Если до сих пор главными действующими лицами на конференции были Молотов и Иден, то при обсуждении экономических вопросов на первую роль вышел Хэлл. Еще до конференции Москва подтвердила, что заинтересована в помощи для восстановления народного хозяйства и в соглашениях об условиях международной торговли. Но быстро выяснилось, что проблемной становится тема репараций.
— Если заслуживают внимания заботы о жизненном уровне Германии после войны, то не в меньшей степени заслуживает внимания вопрос о жизненном уровне тех стран, которые пострадали от нападения Германии, — считал Молотов.
Другая тема была еще более тяжелой. Иден вновь поставил вопрос о желательности восстановления дипломатических отношений между Советским Союзом и Польшей и возобновления поставок польскому сопротивлению оружия и военных материалов.
— Оружие можно давать только в надежные руки, — ответил Молотов. — Никто так не заинтересован в хороших отношениях с Польшей, как мы — ее соседи. Мы стоим за независимую Польшу и готовы помочь ей, но надо, чтобы в Польше было такое правительство, которое было бы дружественно настроено в отношении СССР[606].

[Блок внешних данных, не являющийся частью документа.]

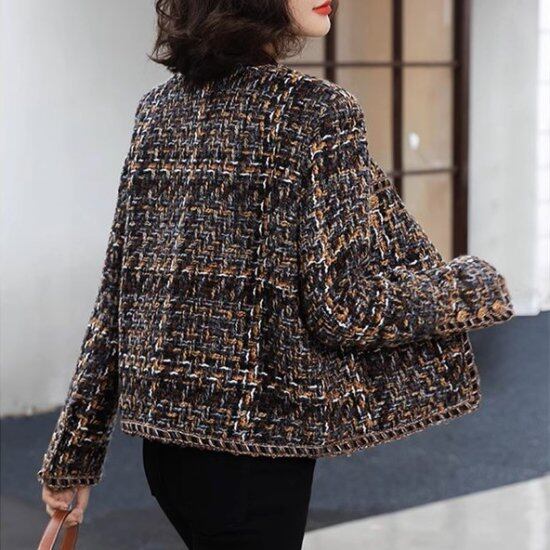 ツイードジャケット レディース ノーカラージャケット ラウンドネック 長袖 ミックスツイード ショートジャケット レトロ クラシカル きれいめ 上品 エレガント カジュアル オケージョン おしゃれ

На этом обсуждение польского вопроса закончилось. Но Гарриман беспокоился, «как бы Молотов не принял молчание Хэлла за согласие. Шторм вокруг Польши был просто отложен»[607].
Иден зафиксировал, что вечером 30 октября «атмосфера неожиданно изменилась. Молотов оживился и стал деловитым. Он всегда был превосходным работягой, обладающим одинаковым мастерством как распутывать проблемы, так и замедлять скорость их решения. В течение часа или двух мы сделали все выводы из 10-дневных обсуждений»[608]. Советская сторона представила итоговые документы конференции в высокой степени готовности. В Екатерининском зале Кремля Сталин давал прием в честь участников конференции. Гарриман отметил атмосферу приема, которая была более «естественной, содержательной и интимной», чем прежде. «Сталин получал наибольшее удовольствие из всех присутствующих»[609]. Бережков вспоминал: «Вдруг я заметил, что Сталин наклонился в мою сторону за спиной Хэлла и манит меня пальцем. Я перегнулся к нему поближе, и он чуть слышно произнес:
— Советское правительство рассмотрело вопрос о положении на Дальнем Востоке и приняло решение сразу же после окончания войны в Европе, когда союзники нанесут поражение гитлеровской Германии, выступить против Японии…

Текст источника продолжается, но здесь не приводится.